Asosiasi Fintech Pendanaan Bersama Indonesia (AFPI) menegaskan bahwa praktik pinjaman online (pinjol) ilegal masih menjadi masalah serius yang meresahkan masyarakat. Bunga pinjaman yang sangat tinggi dan teror penagihan yang kejam menjadi ciri khas pinjol ilegal, yang kerap disebut sebagai predatory lending.
Ketua Bidang Humas AFPI, Kuseryansyah mencontohkan kasus di Sleman, di mana pinjol ilegal mengenakan bunga hingga 4% per hari. "Pinjam Rp 3 juta, dalam hitungan bulan bisa membengkak jadi Rp 30 juta. Ini jelas predatory lending," tegasnya dalam sebuah kesempatan di Jakarta, Rabu (27/8/2025).
Data dari Center of Economic and Law Studies (CELIOS) yang mengutip data OJK menunjukkan bahwa pada tahun 2024, jumlah entitas pinjol ilegal mencapai 3.240, jauh melampaui jumlah platform pinjaman daring resmi yang hanya 97. Fakta ini menggambarkan betapa pinjol ilegal masih menjadi ancaman nyata bagi masyarakat.

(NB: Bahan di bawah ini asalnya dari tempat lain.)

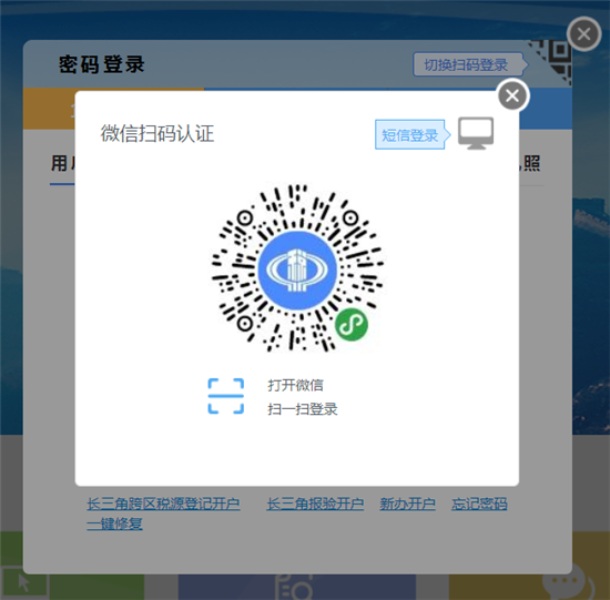 (4)用户除了选择短信验证之外,还可以选择微信扫码登录验证方式。在手机短信登录验证界面的右上角,点击二维码标识切换至扫码验证界面。
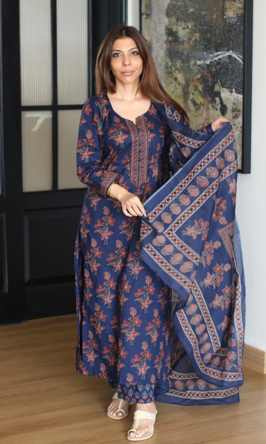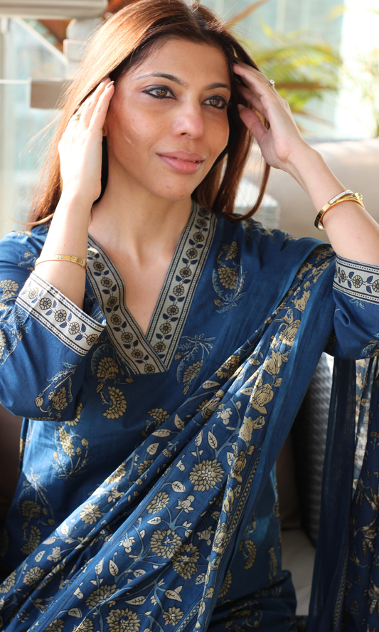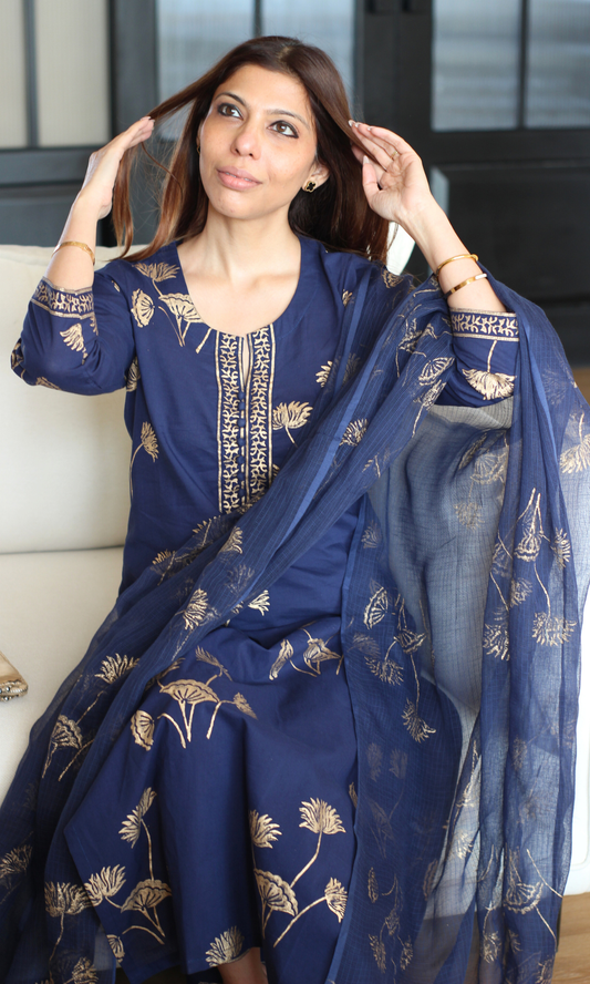 Navy Rangreza Gold Handblock Mughal Print Kurta, Cotton Pants & Kota Doria Dupatta
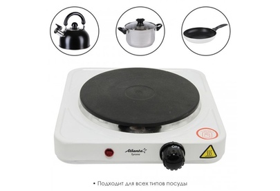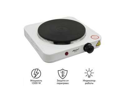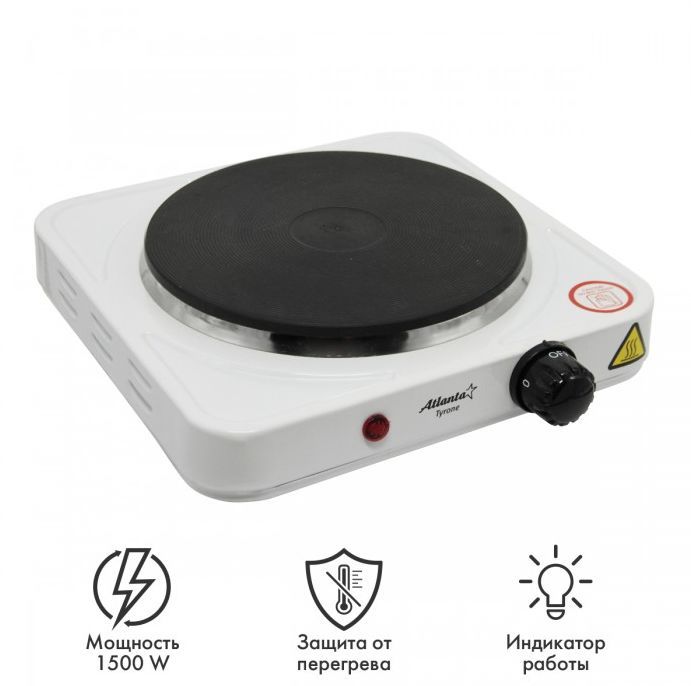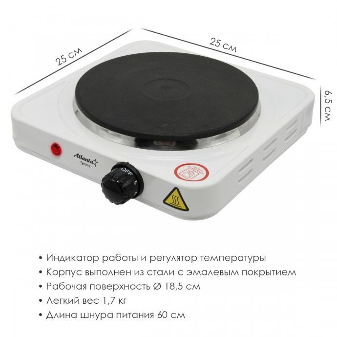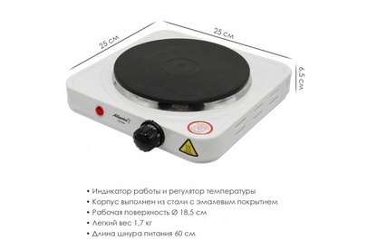 Номинальная мощность 1500 Вт Чугунный ТЭН диаметром 18.5 см Регулятор температуры Индикатор работы Защита от перегрева Кабель питания 60 см 230 B ~ 50 Гц

"Pinjol ilegal masih menjadi ancaman. Bahkan, industri kami ingin menjauhi sebutan ‘pinjol’ karena konotasinya yang negatif," imbuhnya.
Kuseryansyah juga menyinggung pembatasan bunga pinjaman menjadi 0,8% sebagai upaya OJK dalam memberantas pinjol ilegal, bukan hasil kolusi antar pelaku industri. "Ada batas atas atau ceiling price untuk bunga. Platform yang ingin menerapkan standar lebih rendah, silakan saja. Namun, jika melebihi 0,8%, itu sudah mendekati predatory lending dan kurang melindungi konsumen," jelasnya.
Lebih lanjut, ia menjelaskan bahwa Surat Keputusan (SK) Code of Conduct Asosiasi yang sempat dipermasalahkan oleh KPPU telah dicabut pada 8 November 2023, sejalan dengan pemberlakuan SEOJK 19-SEOJK.06-2023 yang diterbitkan OJK.
"Kami tegaskan tidak pernah ada kesepakatan penetapan batas maksimum manfaat ekonomi (suku bunga) antar platform di 2018-2023. Setelah SEOJK 19-SEOJK.06-2023 berlaku, kami mencabut Code of Conduct dan patuh pada regulasi," pungkasnya.